Waves of emotion

Waves of emotions swelling up in my brain, or perhaps my heart, and spilling over down, down, down through the nerves and fibers to connect with my fingers and the typing begins.

Tonight we have the flu and the internet is out, so we look at pictures on my phone. Pictures of you, Scott; your gentle, ever smiling face with eyes that turn down at the edges and always made you look like a puppy. So endearing always, and forever. We watch as the mistake I made in taking photos in the “live” mode turns out to be the blessing of watching you move your well-muscled arms in the rhythmic beat of the kayak’s paddle. Watching Amaya skip along through the early summer fields in their riot of lupine, to catch up to you and hand you a bouquet of them, each carefully chosen to please her most beloved Daddy. In fact, I am struck by how many pictures capture this special love between littlest daughter and adoring Dad. My heart clenches in my chest as I hear her soft sobbing beside me as we gaze together at the so recent, but forever gone, images. Those giant emerald eyes, awash with tears, gazing up at me, looking for something I don’t know if I have left. I dig down deep to try to find something to cling to, to give me inner strength. Like someone lost amidst a violent, turbulent sea. I grasp wildly and my hand comes to alight on something; a log, or a piece of a broken jetsam, and my fingers close tightly and desperately around it. It is a prayer, or perhaps more exactly, a plea, and I hear it echoing, ebbing and flowing, making its way upward to emerge from its watery depths with a choking breath. It starts low, quiet, almost guttural, and builds in intensity and passion until it screams from my lips uninvited. Why? Why? Why?
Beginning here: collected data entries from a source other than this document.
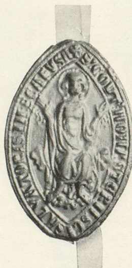
Abb. 19 b Jüngerer Konventsiegel 1504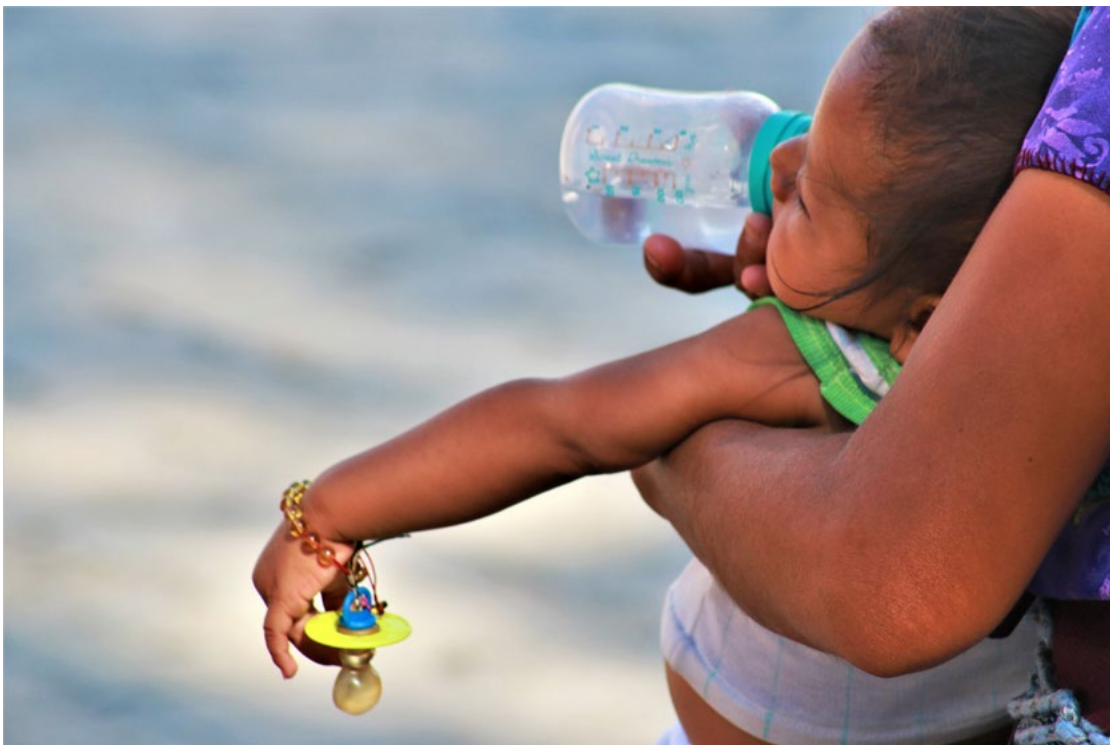
México son las madres.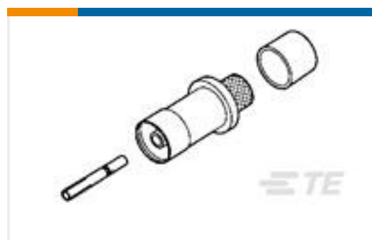
TE 产品编号225831-3 KIT,ARINC COAXICON SOCKET,SZ 1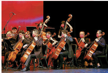
灣區愛樂香港樂團演奏《歌頌祖國》。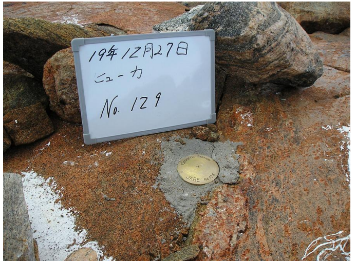
地上写真 Ground Photograph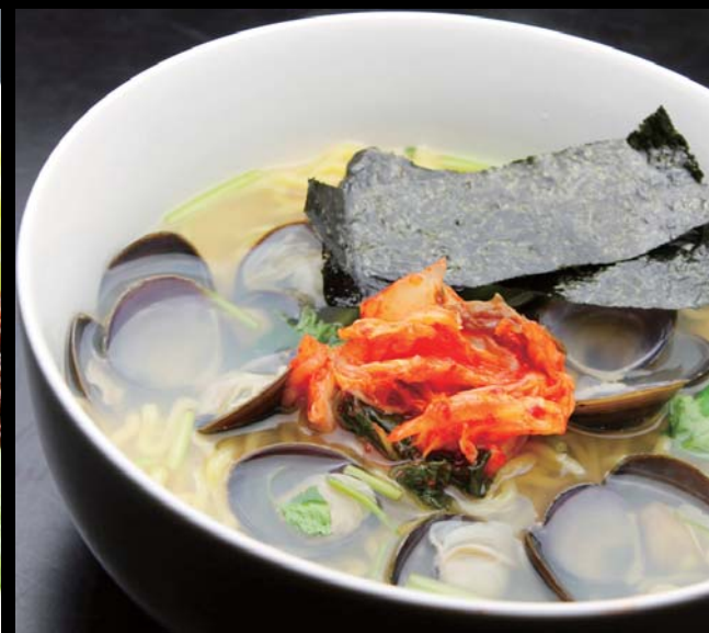
たっぷりしじみのキムチ・ラーメン 通常価格 900円 ▶ 20%OFF!! 720円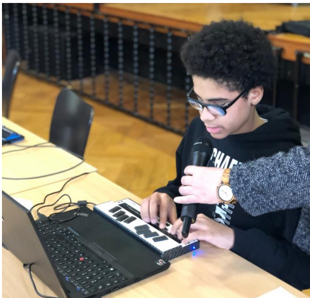
Bildbeschreibung 2: Schüler liest an der Braillezeile

But I already know the answer because it was an answer to a prayer; His wanting to die without any pain, without being disease ridden, or without part of his body or his mind, working. He wanted it to happen quickly. He wanted to go with me, but if that wasn’t possible, he wanted to go first. I told him no; I was the weak one. He was so strong, and brave, and capable. But no, I am glad he didn’t have to go through this monstrous thing of being left behind. I hear His words everywhere; in everything I read, and from the preacher, and from my kids and my friends. Jesus is with me, but I still feel incapable of life.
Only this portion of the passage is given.